Corruption breeds despotism, and despotism results in injustice. The [political] parties put forward by the Arab regimes to “sell” democracy – as a political commodity – to the people have become forces for oppression and repression, resulting in immeasurable public discontent and anger. This can best be seen by the Arab Social Union during Egypt’s Nasserite era, as well as the response to the Baathist party in Iraq, and the Constitutional Democratic Rally in Tunisia, as well as the ruling parties in Yemen and Sudan, not to mention, of course, the National Democratic Party in Egypt.

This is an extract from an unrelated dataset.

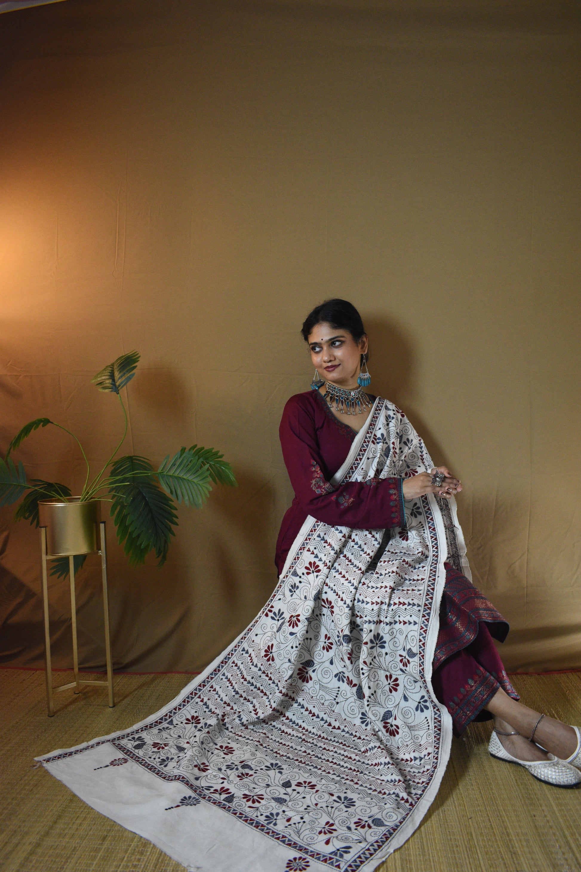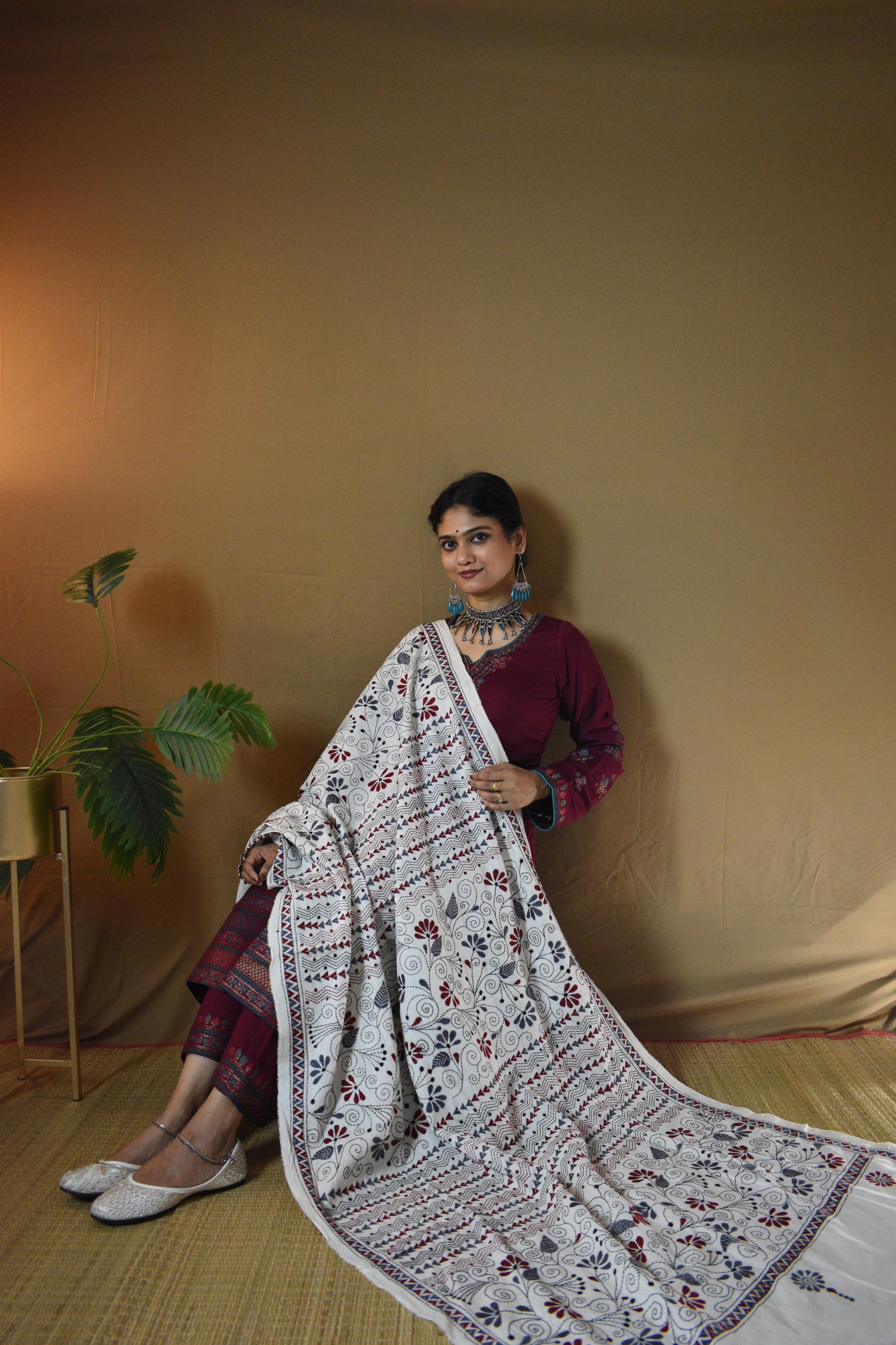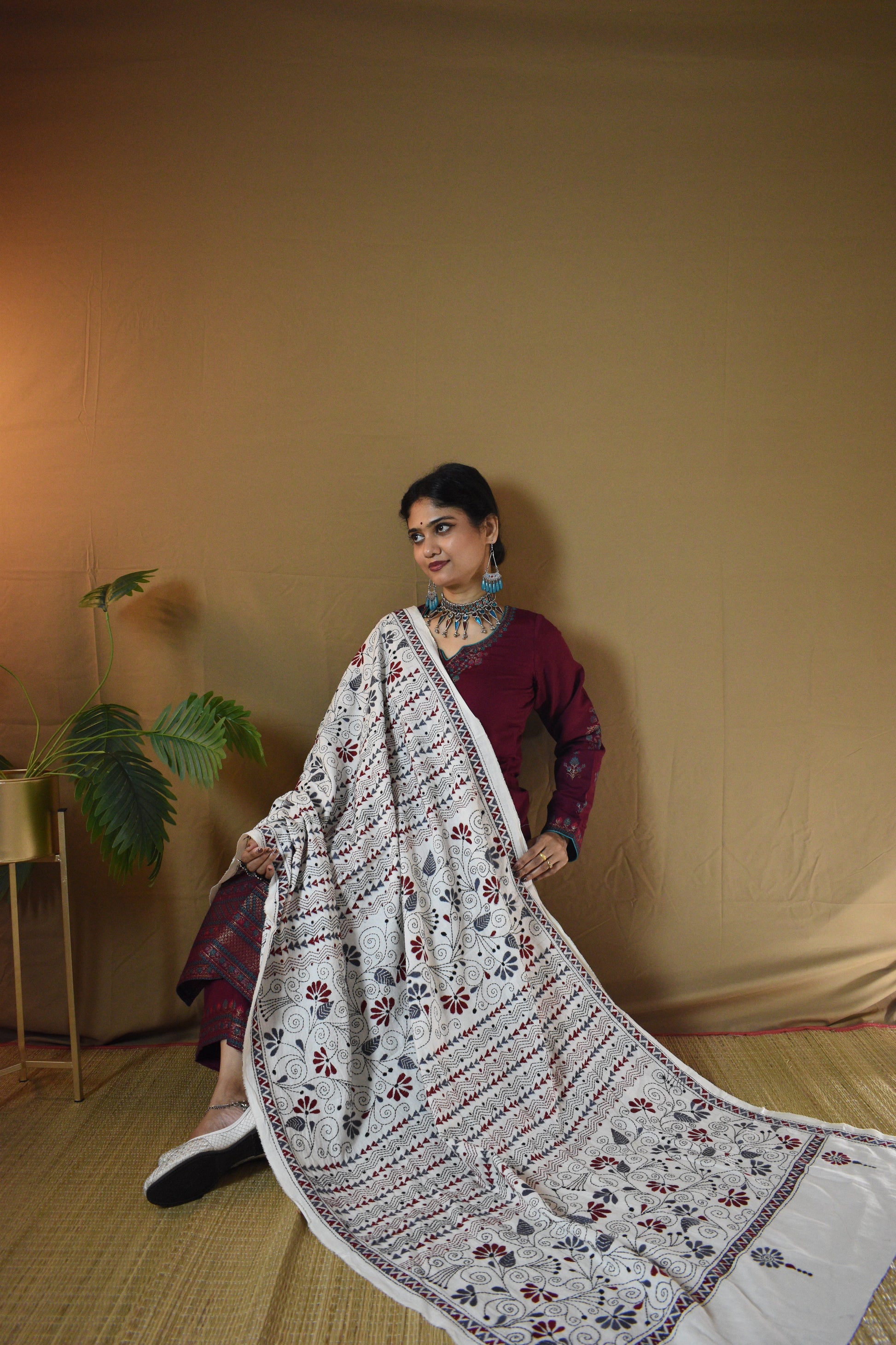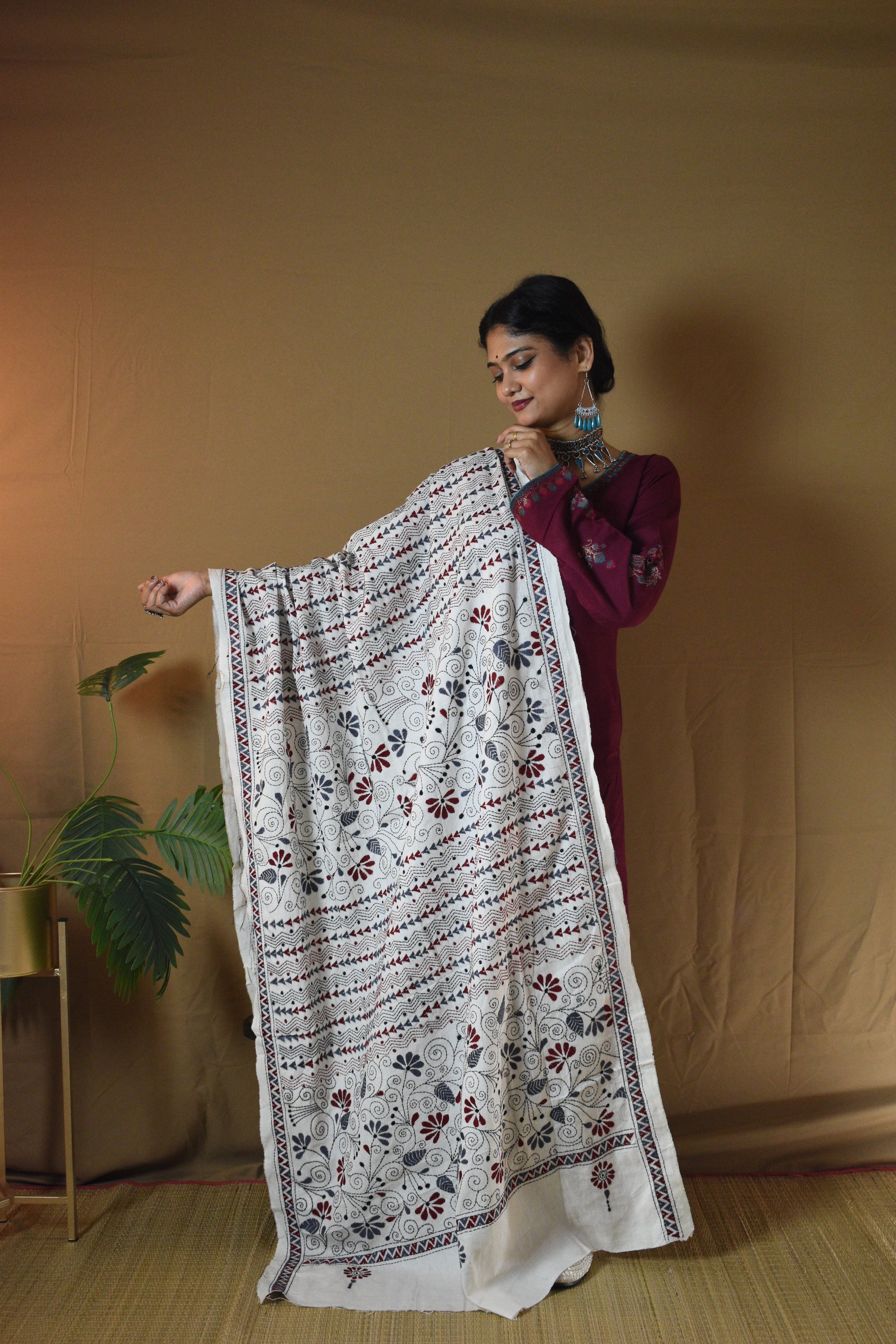 Experience the timeless charm of Bengal’s Kantha artistry with our Off White Geometrical Pure Cotton Hand Embroidered Kantha Dupatta. Hand-embroidered by skilled women artisans, each dupatta is a celebration of patience and heritage, with running stitches that bring alive traditional motifs. The Pure Cotton fabric feels soft, airy, and light on the skin. The Off White base, accented with multi-color threadwork, gives a graceful charm that blends effortlessly with traditional as well as contemporary looks. A Dupatta not just to wear, but to treasure, as art, as memory, as legacy.

War became a means to strengthen rule rather than to participate in it…and these parties worked to weaken their political opposition rather than opening the arena for genuine political participation in the general public interests. The National Democratic Party in Egypt went astray following the battle between its old guard and the new guard. This gave rise to [political] cronyism and strengthened political thuggery, as well as resulted in the marriage of political interests and financial ambition.
Corruption is the people’s greatest enemy and the corrupting and the corrupted are not the greatest danger, but rather the presence of a culture that enables corruption. This sees ministers passing and facilitating projects for one party or another…and as a result this state of corruption gives rise to despotism, and this is something that occurs quietly without anybody commenting on this, regardless of the danger that it represents.
The recent barbaric attacks against the demonstrators in Tahrir Square in Cairo by protestors described as being pro-Mubarak supporters, riding on camels and donkeys and wielding knives and swords in a scene reminiscent of [Egyptian] film “Viva Zalata” is a realistic portrayal of the current situation in the country. For at the same time that political reform has been announced in a clear manner by Egyptian Vice President Omar Suleiman and Egyptian Prime Minister Ahmed Shafiq, an army of thugs backed by the leadership of the National Democratic Party and some private businessman – as has been repeated by the media – attacked these demonstrators. This indicates a clear split between the politicians and the thugs, between the sincere patriots and the opportunists. Gradually, the roles held by honorable patriotic figures in Mubarak’s regime have decreased, and figures such as [former Interior Minister] Ahmed Rushdi, [former prime minister] Kamal Ganzouri, [Egyptian diplomat] Osama El-Baz, [Egyptian parliamentary foreign affairs committee chairman] Mustafa al-Faki, [Arab League Secretary-General] Amr Musa, and [Egyptian ambassador] Nabil Fahmy, and others have been replaced by publicly hated figures. This has reached the point that the past few years have seen been full of the public cries objecting to these figures in a manner that nobody can deny.
Corruption remains the greatest pitfall to the dreams and aspirations of a people and the best intentions of good men, and what happened in Egypt will be evaluated in depth until we learn the lesson from this. However we are still betting that Egypt will emerge from this crisis stronger than before, in the same manner that it has in the past.